Stroomkasten – Acht installatierichtlijnen

Zoals de naam al aangeeft, worden stroomkasten vaak gebruikt in energiesystemen of telecommunicatiesystemen en in verschillende industrieën, en worden ze gebruikt om nieuwe toevoegingen aan stroomapparatuur te plaatsen of voor professionele stroombedrading. Over het algemeen zijn stroomkasten relatief groot van formaat en hebben ze voldoende ruimte. Het wordt meestal gebruikt in het stroomdistributiesysteem van grootschalige projecten.
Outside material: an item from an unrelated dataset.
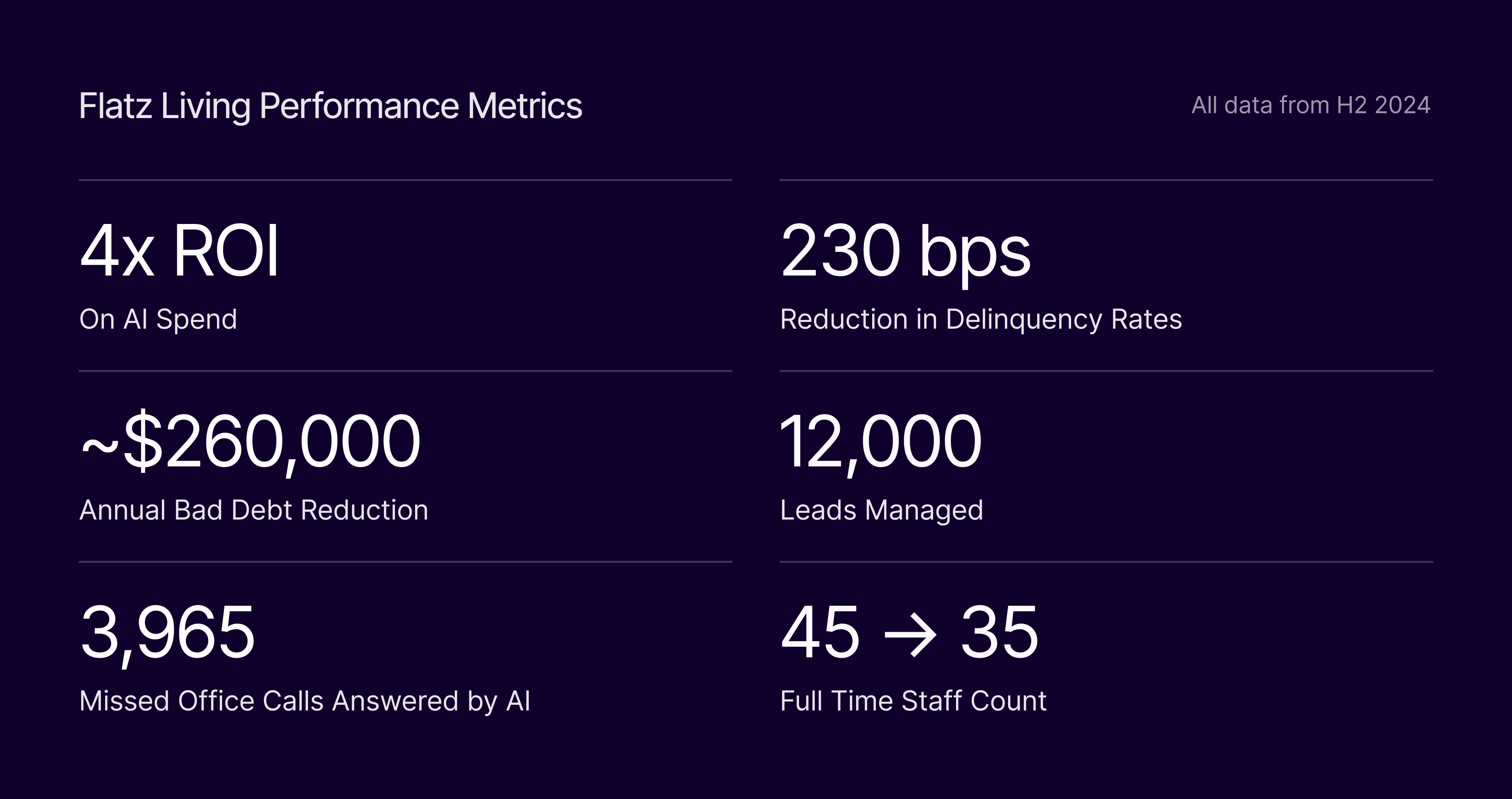 For Michigan-based owner/operator Flatz Living, operating lean without sacrificing service quality has been a key operational focus area for their team. By leveraging centralized collections support paired with EliseAI’s Delinquency product, they significantly reduced manual collections work and were able to staff their properties more efficiently. Overall, Flatz Living drove a 230bps reduction in portfolio-wide bad debt rates in H2 2024, resulting in ~$260,000 in annualized bad debt reduction—a significant sum for an owner/operator with just over 1,000 units.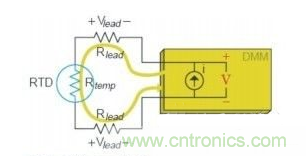 與熱敏電阻相似,鉑電阻溫度傳感器(RTD)也是用鉑制成的熱敏感電阻。當(dāng)通過測量電壓計(jì)算RTD 溫度時,數(shù)字萬用表用已知電流源測量該電流源所產(chǎn)生的電壓。這一電壓為兩條引線(Vlead)上的壓降加RTD上的電壓(Vtemp)。例如,常用RTD 的電阻為100Ω,每1℃僅產(chǎn)生0.385Ω的電阻變化。如果每條引線有10Ω電阻,就將造成26℃的測量誤差,這是不可接受的。所以應(yīng)對RTD作4線歐姆測量。

Vandaag zullen we het hebben over de installatierichtlijnen voor stroomkasten.

Stroomkasten - Acht installatierichtlijnen-01

Richtlijnen voor installatie van stroomkasten:

1. De installatie van componenten moet voldoen aan de principes van gelaagde opstelling en gemakkelijke bedrading, bediening en onderhoud, inspectie en vervanging; componenten moeten regelmatig worden geïnstalleerd, netjes gerangschikt en duidelijk georganiseerd; de installatierichting van componenten moet nauwkeurig zijn en de montage moet strak zijn.

2. Er mogen geen componenten binnen 300 mm boven de onderkant van de chassiskast worden geplaatst, maar als het speciale systeem niet bevredigend is, kan een speciale installatie en plaatsing alleen worden uitgevoerd na goedkeuring van het relevante personeel.

3. De verwarmingscomponenten moeten op de bovenkant van de kast worden geplaatst, waar de warmte gemakkelijk kan worden afgevoerd.

4. De opstelling van de voor- en achtercomponenten in de kast moet strikt in overeenstemming zijn met het schematische diagram van het paneel, het schematische diagram van het paneel en de tekening met installatieafmetingen; de typenormen van alle componenten in de kast moeten volledig overeenkomen met de eisen uit de ontwerptekeningen; ze kunnen niet gemakkelijk worden gewijzigd zonder toestemming.

5. Bij het installeren van Hall-sensoren en isolatiedetectiesensoren moet de richting aangegeven door de pijl op de sensor consistent zijn met de richting van de stroom; de richting aangegeven door de pijl van de Hall-sensor die aan het uiteinde van de batterijzekering is geïnstalleerd, moet consistent zijn met de richting van de laadstroom van de batterij.

6. Alle kleine zekeringen die op de rail zijn aangesloten, moeten aan de zijkant van de rail worden geïnstalleerd.

7. Koperen staven, rails 50 en ander beslag moeten na verwerking worden geroest en ontbraamd.

8. Zorg er bij vergelijkbare producten op dezelfde locatie voor dat de locatie van de installatie van de componenten, de richting en de algemene planning consistent zijn.